His face brightened as he saw me, and he came over and shook my hand eagerly. 'Master Shardlake! Good day, good day. You had my letter?'
'I did. You are staying in London?'
'At an inn down by Queenhithe,' he said. 'My brother has forbidden me his house for my championing of our niece.' There was a desperate look in his hazel eyes. 'You must help me, sir, please. You must help Elizabeth.'
I decided no good would be done by beating round the bushes. I took the pamphlet from my pocket and handed it to him.
'Have you seen this, Joseph?'
'Yes.' He ran a hand through his curly black hair. 'Are they allowed to say these things? Is she not innocent till proven guilty?'
'That's the technical position. It doesn't help much in practice.'
He took a delicately embroidered handkerchief from his pocket and mopped his brow. 'I visited Elizabeth in New gate this morning,' he said. 'God's mercy, it's a terrible place. But she still won't talk.' He ran his hand over his plump, badly shaven cheeks. 'Why won't she talk, why? It's her only hope of saving herself.' He looked across at me pleadingly, as though I had the answer. I raised a hand.
'Come, Joseph, sit down. Let us start at the beginning. I know only what you told me in your letter, which is little more than is in this foul pamphlet.'
He took a chair, looking apologetic. 'I'm sorry; I've no good hand at writing.'
'Now, one of your two brothers is the father of the boy who died – is that right? – and the other was father to Elizabeth?'
Joseph nodded, making a visible effort to pull himself together.
'My brother Peter was Elizabeth's father. He took himself to London as a boy and got himself apprenticed as a dyer. He did moderately well, but since the French embargo – well, trade has gone right down these last few years.'
I nodded. Since England's break with Rome the French had banned the export of alum, which was essential for the dyeing trade. It was said even the king wore black hose now.
'Peter's wife died two years ago.' Joseph went on. 'When the bloody flux took Peter last autumn there was barely enough left to pay for his funeral and nothing for Elizabeth.'
'She was their only child?'
'Yes. She wanted to come and live with me, but I thought she'd be better off with Edwin. I've never married, after all. And he's the one with the money and the knighthood.' A note of bitterness entered his voice.
'And he is the mercer the pamphlet mentions?'
Joseph nodded. 'Edwin has a good business head. When he followed Peter to London as a boy he went straight into the cloth trade. He knew where the best profits could be made: he has a fine house by the Walbrook now. To be fair, Edwin offered to take Elizabeth in. He's already given a home to our mother – she moved from the farm when she lost her sight through the smallpox ten years ago. He was always her favourite son.' He looked up with a wry smile. 'Since Edwin's wife died five years ago, Mother has run his household with a rod of iron, although she's seventy-four and blind.' I saw he was twisting the handkerchief in one hand; the embroidery was becoming torn.

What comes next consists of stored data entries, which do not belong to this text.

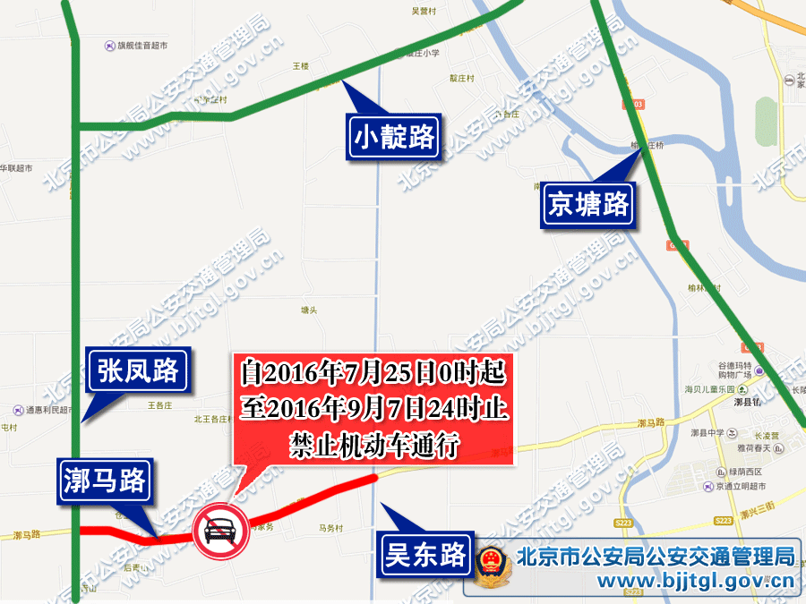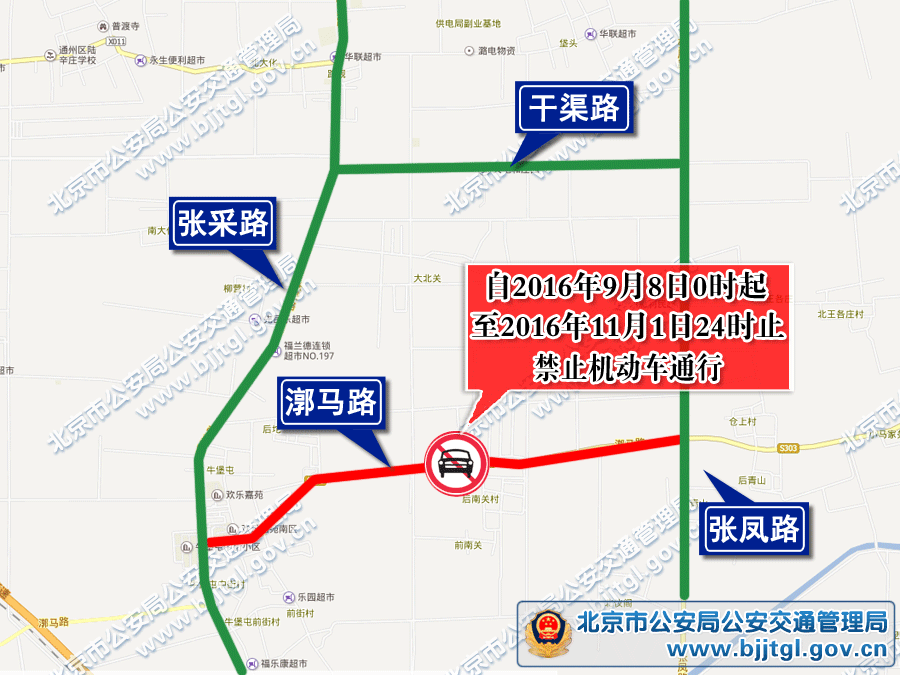 自2016年9月8日0时起至11月1日24时止,通州区漷马路K5+920至K9+520段(张凤路青山路口至张采路牛堡屯路口)禁止机动车通行,机动车可绕行张凤路、干渠路、张采路。
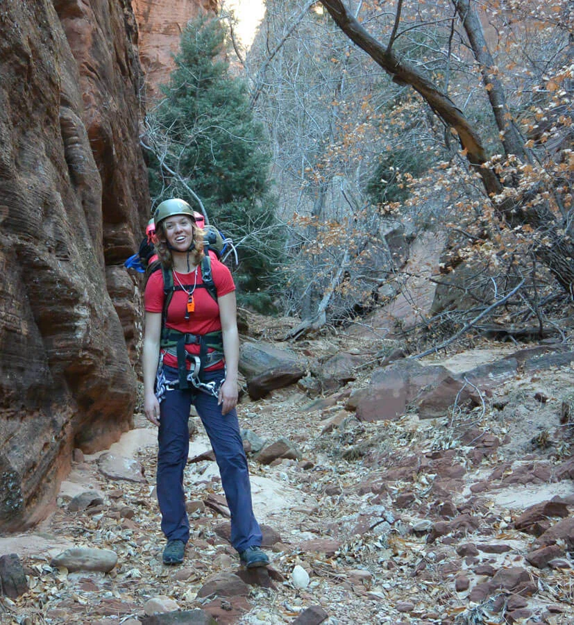 Like Goldilocks, it is important to get the entrance rap just right. Rappel too high in the canyon, and you will end up in a steep, brushy gully. Rappel too low, and the drop is longer than 300 feet. There is a good place to rappel just downcanyon of a shallow corner, which ends in a sparse clump of trees. Find this exact spot.
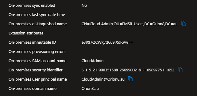 If you check the Entra account for this user now, On-premises sync enabled has been set to No with this change.
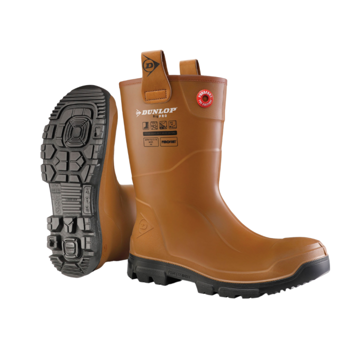 De RigPRO laarzen van Dunlop zijn bruine laarzen die wat lager zijn dan de andere rubberen laarzen in het assortiment. Deze laarzen zijn voorzien van een stalen neus en hebben een src loopzool. De laarzen zijn verkrijgbaar in de maten 39 t/m 48.

'So Edwin is also a widower?'
'Yes. With three children. Sabine, Avice and – and Ralph.'
'The pamphlet said the girls are in their teens, older than the boy.'
Joseph nodded. 'Yes. Pretty, fair-haired and soft-skinned like their mother.' He smiled sadly. 'All their talk's of fashions and young men from the Mercers' dances, pleasant girlish things. Or was till last week.'
'And the boy? Ralph? What was he like?'
Joseph twisted the handkerchief again. 'He was the apple of his father's eye; Edwin always wanted a boy to succeed him in his business. His wife Mary had three boys before Sabine, but none lived past the cradle. Then two girls before a boy who lived, at last. Poor Edwin's grief shot. Perhaps he spared the rod too much-' He paused.
'Why do you say that?'
'Ralph was an imp, it must be said. Always full of tricks. His poor mother could never control him.' Joseph bit his lip. 'Yet he had a merry laugh, I brought him a chess set last year and he loved it, learned quickly and soon beat me.' In his sad smile I sensed the loneliness Joseph's rupture with his family would bring him. He had not done this lightly.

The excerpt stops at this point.